Monday, June 1, 2009

It's Not Linux's Fault, But... (Part 1 - Installation)

Ubuntu 9.04 is very cool. With Compiz Fusion installed, the desktop experience is down right amazing.

Yet, to get there, I have to spend a lot of time installing things and tweaking my system and at the end of the day, a lot of what I consider essential applications are still not working.

To be fair, a lot of my problems are not Linux's fault. Usually, it is an application or a piece of hardware that does not have native Linux support by their vendor. There is very little the Linux developers can do about it.

However, whether the problem is a geniune Linux problem or a vendor problem is beside the point. For most users, they are not going to distinguish the differences. What counts is the total experience, and if my experience with desktop Linux is typical, I am afraid that desktop Linux is never going to be mainstream.

This is the first part of a 3 part series documenting my installation of Ubuntu 9.04 as my desktop OS.

I am quite familiar with Linux, using it mostly for small server setups. Recently I decided to give Ubuntu 9.04 a try as an desktop OS because I want to look at some available desktop OS options before upgrading to Windows 7 (my current desktop is XP).

My first trouble was Grub, the boot manager of choice of Ubuntu. Because I wanted a dual boot system, so I created a partition in my hard drive and installed Ubuntu 9.04 on it, keeping my Windows installation in another partition. After the installation, I restarted my computer. To my surprise, I was still booting into Windows. After some googling, I found that I had installed Grub in the wrong hard drive.
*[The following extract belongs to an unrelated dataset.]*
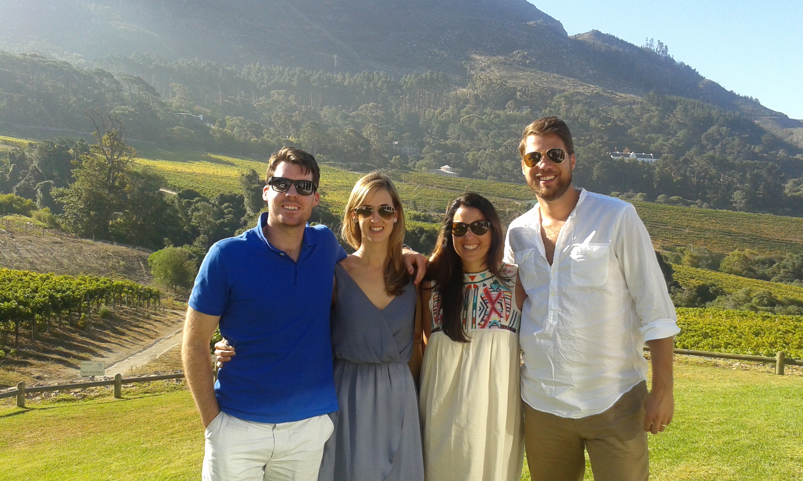 Yesterday, we headed to Constantia, which is about a half hour from city center. We took an Uber ($15 USD!!) to a gorgeous winery called Constantia Glen to meet up with our friends, Karen and Ronan. They are both from Cape Town and have been nice enough to show us the best places around town. As a side note, they were married on the exact same day we were!

Once I installed Grub on the correct drive, I could boot into Ubuntu, but then Grub failed to boot into Windows.

I suspect most casual users who want to give desktop Linux a try would simply give up at this point.

Apparently, the automatically generated Grub script was pointing into the wrong partition where Windows was located. I had to modify the Grub script to correct that. By the time Grub worked, 30 minutes of my life was gone.

The next challenge was my wireless network card. I had a Trendnet card. I am familiar with this card enough that I know there is no native Linux driver. So I used ndiswrapper (driver wrapper that lets Linux uses Windows networking driver) as a substitute. In the process, I have to look up the wireless chipset, find the right driver and install the driver with ndiswrapper with command lines. This time I had it easy, I am comfortable with Unix command lines, but I can imagine someone who is not will be quite turn off.

The next challenge setting up Chinese input methods. Setting up SCIM for multi-language input itself is easy enough, but the availability and quality of input methods are rather poor compared to Windows. I have no formal training in Chinese input method and relies on an rather obscure method I learned on Windows for inputting Chinese. Unfortunately, the equivalent method on Linux sucks badly. If you are not familiar with inputting with a non-Roman alphabet language, you probably have no idea what I am talking about, but take my words for it, it is so bad to a point I am in the process of modifying a Chinese input method to suit my need, and it is not a one day job.